Agentification of Application Layer

You might think the AI frenzy of 2023 has settled, but leading AI innovators are maintaining their relentless pace, unveiling mind-blowing releases with ruthless execution nearly every month. In the past month alone, OpenAI announced the launch of SearchGPT, an AI-powered search engine designed to deliver real-time information from the web, positioning itself as a direct competitor to Google. Adding to the excitement, OpenAI is set to release ChatGPT-4o, a voice assistant capable of creating custom character voices, generating sound effects while telling a story, and even acting as a live translator. Moreover, OpenAI introduces GPT-4o mini, its most cost-efficient small model yet. Not to be outdone, Meta has officially unveiled LLaMA-3.1 405B, the world’s largest open-source LLM to date, boasting 405 billion parameters and trained on 15 trillion tokens. Meta claims it outperforms GPT-4, GPT-4o, and Claude 3.5 Sonnet across various tasks.

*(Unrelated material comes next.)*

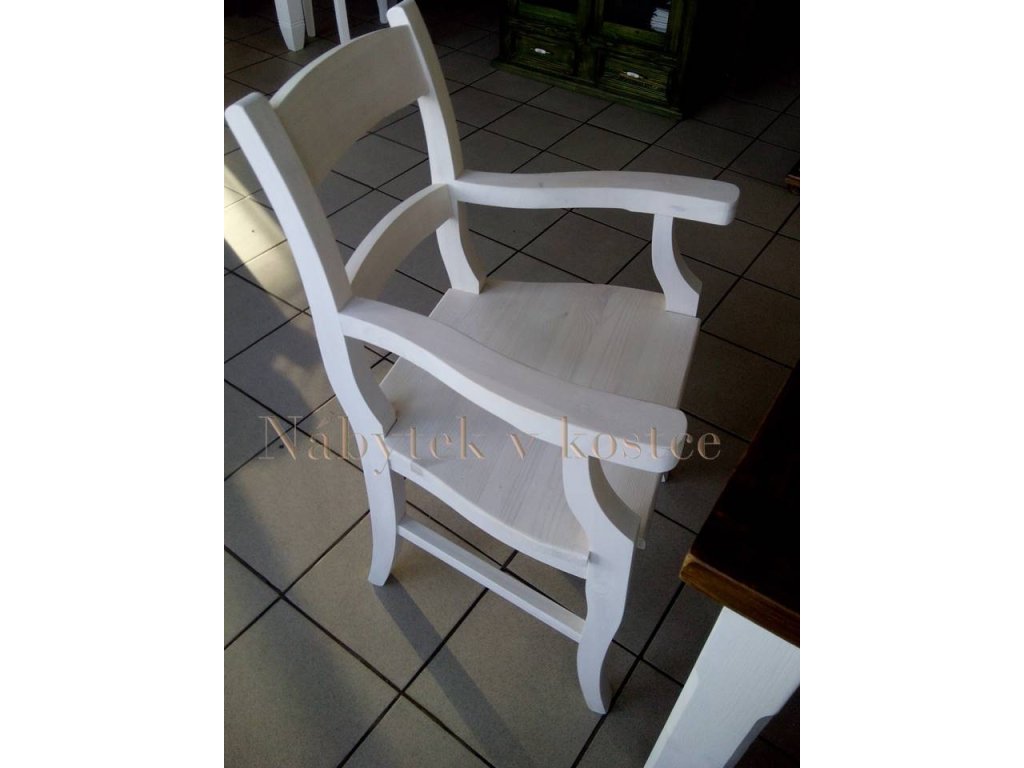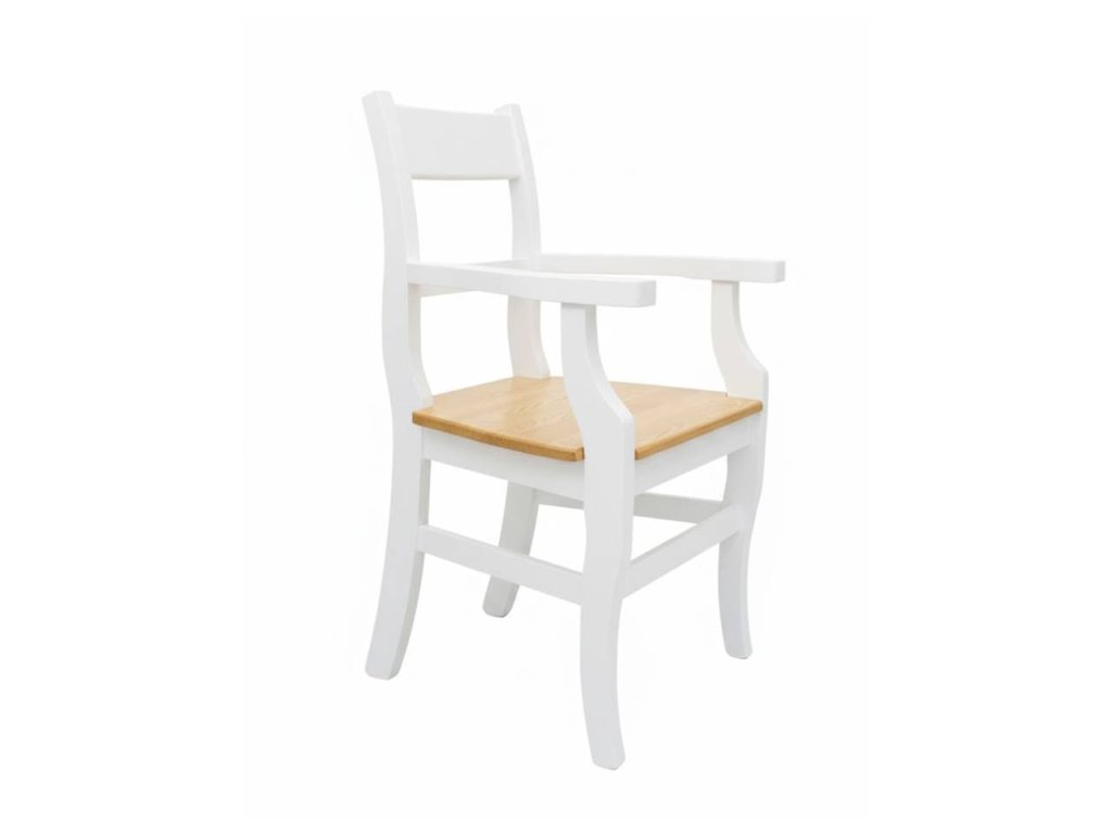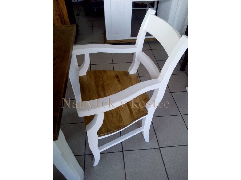 Rustikální židle SWEET HOME je vyrobena z borovicového masivního dřeva a je ošetřena pouze bílou vodou ředitelno barvou,anebo ve dvoubarevné kombinaci (viz.vzornik). Židle vyniká kvalitním zpracováním, které je zaručeno také tloušťkou použitého materiálu. Výška područky od země je 69cm, od sedáku 22,5 cm. Délka područky od opěradla je 43 cm, tloušťka područky je 4cm.
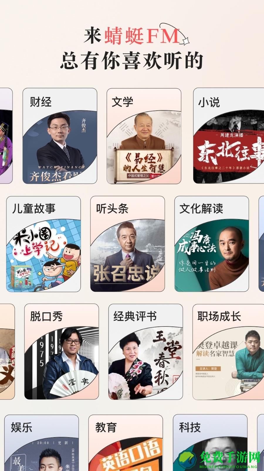 蜻蜓fm是一款优秀的广播电台软件,平台中拥有众多柜内知名主持大咖,提供海量优质声音内容,涵盖了相声、小说、脱口秀、评书、教育等各个类目,无广告无需vip,所有音频均可免费收听,需要的朋友欢迎来免费手游网下载!

The foundational layer has seen impressive advancements over the last year, spanning from LLMs (Large Language Models) to LAMs (Large Action Models) and LAEs (Large Agentic Models). These innovations are enabling startups to revolutionize business operations by automating numerous repetitive and manual tasks previously thought impossible. These advancements are bringing unprecedented efficiency to systems and setting the stage for the next wave of innovation in the application layer.

We have witnessed founders evolve from creating basic copilots that answer questions, retrieve information, and summarize text to developing AI-native solutions and AI agents. These agents possess reasoning capabilities, can plan sequences of actions, and interact with software to execute complex tasks. While many incumbents have integrated copilots into their existing products, startups have the advantage of building AI agents that delve deeper into workflows and enhance operational efficiency.

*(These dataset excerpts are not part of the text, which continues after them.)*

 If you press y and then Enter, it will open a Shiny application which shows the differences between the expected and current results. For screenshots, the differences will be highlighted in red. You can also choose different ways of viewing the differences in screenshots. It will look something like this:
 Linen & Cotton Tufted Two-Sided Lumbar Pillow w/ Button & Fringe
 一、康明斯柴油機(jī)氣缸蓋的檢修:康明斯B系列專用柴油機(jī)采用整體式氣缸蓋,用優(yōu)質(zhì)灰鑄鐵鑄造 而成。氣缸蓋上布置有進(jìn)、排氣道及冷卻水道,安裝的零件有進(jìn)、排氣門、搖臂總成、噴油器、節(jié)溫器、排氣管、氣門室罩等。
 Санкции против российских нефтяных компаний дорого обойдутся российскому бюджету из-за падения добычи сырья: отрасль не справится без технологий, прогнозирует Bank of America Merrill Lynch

agent overview - Kae Capital

Source: https://lilianweng.github.io/posts/2023-06-23-agent/

AI agents represent a significant shift towards more comprehensive and human-like AI applications, enabling businesses to:

  • Reduce Costs: Intelligent agents help businesses minimize unnecessary expenses by addressing process inefficiencies, reducing human errors, and automating manual processes.
  • Automate Higher-Level Tasks: These agents go beyond basic automation to support strategic decision-making and planning.
  • Enhance Customer Experience: By providing personalized, empathetic, and human-like interactions, AI agents improve customer engagement, conversion rates, and loyalty.

We have looked at many startups building specialized agents for different functions and verticals. As we keep refining our thesis in this ever-changing field, our views of different segments are:

  1. Sales and Marketing: Have always remained the most crowded segments in B2B SaaS. Also saw a huge influx of AI startups building to automate various workflows as it is closest to the revenue and time to value is faster. However, major questions remain about the differentiation and stickiness of the product. Major sales tech/ martech giants hold the majority value as they are the system of records and it makes it difficult for startups to build a very large business in this.
  2. New System of Records: Disrupting horizontal systems of records like Salesforce, HubSpot, and Workday has traditionally been challenging. However, advancements in LLMs and AI agents are changing this dynamic. The way we interact with systems and data is evolving, creating opportunities for new systems of record. AI agents can now access and analyze data from emails, calls, and other sources, providing more accurate and comprehensive insights than those entered manually into CRMs. This shift means that instead of interacting through traditional dashboards, users will increasingly engage with AI agents directly, transforming how data is managed and utilized.
  3. Back-office Functions: Functions such as HR, accounting, finance, and legal present significant opportunities for AI innovation. These areas often involve pattern-based workflows with high usage and habitual engagement, making them ideal for automation. These are internal non-customer-facing functions, where businesses are using some outdated clunky software and there is a lot of manual data manipulation and analysis involved. AI agents can streamline and automate these repetitive tasks, improving efficiency and accuracy.
  4. Recruitment tech: We are seeing many AI recruitment tech startups, this is again a good area to show a quick time to value. The hiring process is a major pain point for large organizations, often involving long processes with many repetitive steps and extensive back-and-forth between candidates and employers. Candidates often complain about the poor interview experience, lengthy coordination and long hiring timelines. For large organizations and traditional industries with high turnover, AI agents for hiring are a game-changer. These agents can automate the entire recruitment process, including initial interview rounds, thereby improving candidate experience, and reducing time to hire.
  5. Vertical industry-focused agents: We are seeing vertical AI applications in healthcare, biotech, financial services, wealth-tech, insurance, and legal. They are using industry-specific models/data sets for a deeper understanding of specialized data, enabling the extraction of insights and automation of workflows with high precision. These focused agents are more reliable as they are tailored to specific domains or defined sets of tasks. We've observed startups creating multiple specialized agents within a single industry to automate a wide range of tasks effectively. This is a large opportunity as startups begin with a wedge of data insights and gradually expand to automate more complex workflows.
  6. Services as a Software: Approx 80% of the economy is service-based and has historically resisted tech disruption due to unstructured data and complex reasoning requirements. However, AI is now making it possible to revolutionize the services industry. We are seeing early signs of business model innovation, with outcome-based service models built on top of AI solutions. These models provide better, faster outcomes and are easier to scale, all with minimal human intervention.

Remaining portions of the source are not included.